Des requérants entassés dans des bunkers, des enfants qu’on veut pourchasser dans les écoles… Joli travail pour un gouvernement qui accordait jadis sa protection aux guerriers de l’UCK et aux islamistes d’Alger.
Asile! Un joli mot, synonyme de protection, de refuge, mais où, comme le disait Gérard Philipe dans un beau film oublié, «l’on a fini par enfermer les fous».
Notre politique dite d’asile n’est pas loin d’entretenir la même double face. D’un côté des Nigérians entassés, contre toute prudence, sans parler d’humanité, dans des bunkers antiatomiques et qui néanmoins finissent par péter les plombs. Comme sans doute n’importe qui d’autre, n’importe lequel d’entre nous, à leur place.
De l’autre, un ancien requérant, devenu célèbre, ayant atteint les sommets du pouvoir, mais en proie aujourd’hui au plus odieux des soupçons. Hashim Thaçi, donc, premier ministre du Kosovo, et censément impliqué comme d’autres anciens dirigeants de l’UCK dans un trafic d’organes prélevés sur des prisonniers serbes. Une affaire mis en lumière récemment par le Suisse Dick Marty, du Conseil de l’Europe.
C’est ainsi que remontent à la surface «les années suisses» de Thaçi. On s’aperçoit alors, comme le rappelle Le Temps, que sa demande d’asile déposée en 1995 est acceptée l’année suivante. A la suite de quoi, et contre les exigences légales de son nouveau statut, Thaçi multiplie les voyages clandestins au Kosovo, ainsi que les activités militantes au plus haut niveau, au sein de l’UCK, sur fond de rumeurs de trafic d’armes et d’héroïne.
Cet octroi rapide de l’asile à celui qu’aujourd’hui, le député UDC Yves Nidegger, toujours aussi élégant, appelle «un Mengele local», contraste fâcheusement avec ces milliers de requêtes rejetées chaque année en raison de leurs motivations purement économiques. Comme si ce n’était pas là la meilleure, la plus normale, la plus juste, la plus humaine des motivations.
Le cas Thaçi pourrait ainsi faire regretter qu’à l’heure de la mondialisation évidente, on sanctionne le simple et pacifique désir de vivre et travailler dans un nouvel environnement sûr, et qu’on favorise au contraire les risques pris par des individus certes hors norme mais mus par des aspirations violentes et partisanes.
Thaçi et un certain nombre de dirigeants de l’ UCK et du Kosovo nouveau, ne sont pas les seuls à avoir bénéficier de la maternelle protection confédérale.

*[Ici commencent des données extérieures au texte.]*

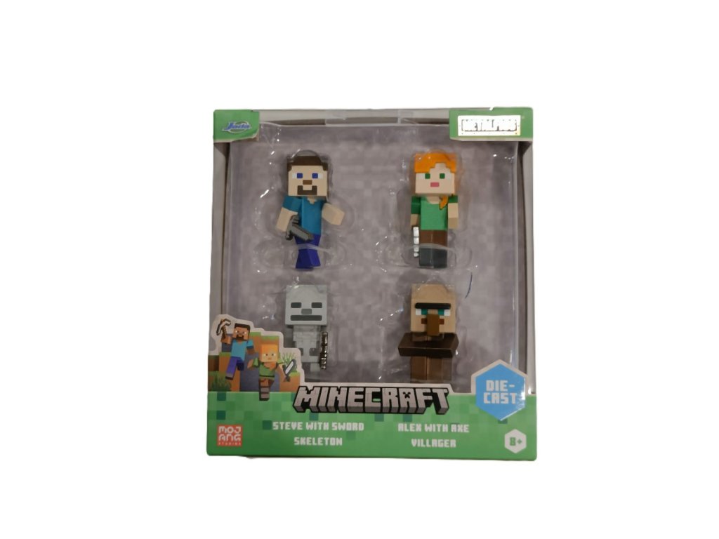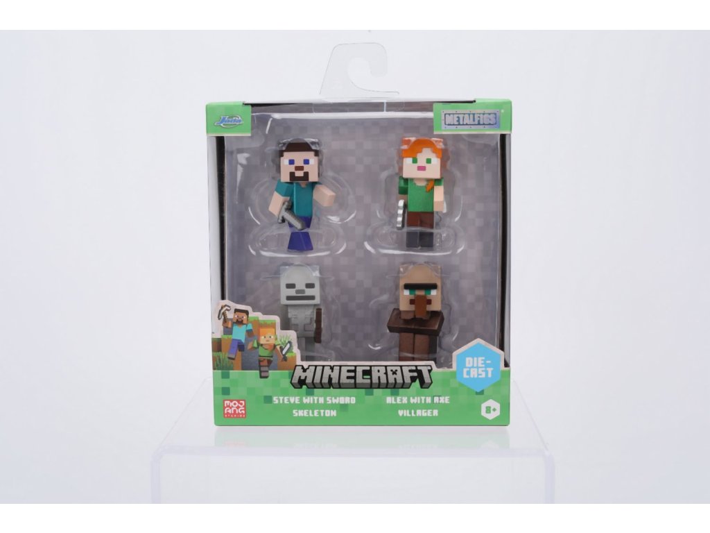 Sada kovových sběratelských figurek Minecraft, výška 6 cm. Steve s mečem, Alex se sekerou, Skeleton, Villager.Doplňkové parametry

On retrouve sous le même parapluie, dans les mêmes années, les islamistes algériens, accueillis à bras ouverts pour leur seul statut d’opposants au régime militaire d’Alger. Après les courbettes humanitaires devant un nationalisme sanglant, voire mafieux, bienvenu dans un asile de fous…de Dieu.
Pendant ce temps, aujourd’hui et pas si loin, les chrétiens d’Irak fuient en masse vers le Kurdistan, chassés de Bagdad par des pluies d’attentats, de menaces de morts et de pressions quotidiennes. Ceux qui parviennent à aller plus loin ne peuvent guère compter que sur la générosité de trois pays: les Etats-Unis, l’Australie et le Canada.
L’occasion pourrait être belle face à cette communauté de redonner un sens pas trop bancal ni biaisé à notre notion d’asile. Ajoutons-y les Coptes d’Egypte qui comptent leurs morts tombés à la Saint-Sylvestre sous la mitraille et la haine de l’intégrisme musulman.
Mais rien à attendre évidemment d’un Conseil fédéral sans âme et sans honneur, qui en est à vouloir pourchasser les enfants des sans-papiers dans les écoles. Pas sûr pourtant que les défenseurs habituels et à juste titre de ce droit d’asile, et de ceux qui le réclament, se montrent sur ce coup-là plus motivés.
Les milieux de gauche semblent en effet craindre d’avantage les pétoires rouillées de nos citoyens-soldats que les bombes d’Al-Qaida. Et rêver, en matière de summum humanitaire, plutôt à un petit navire fendant le flot, cap mis sur Gaza, aux ordres du Hamas. Les conseillers nationaux Zisyadis et Sommaruga, ainsi que le chanteur Michel Bühler, piaffent déjà d’embarquer. Vogue, dira-t-on cette fois, la nef des fous.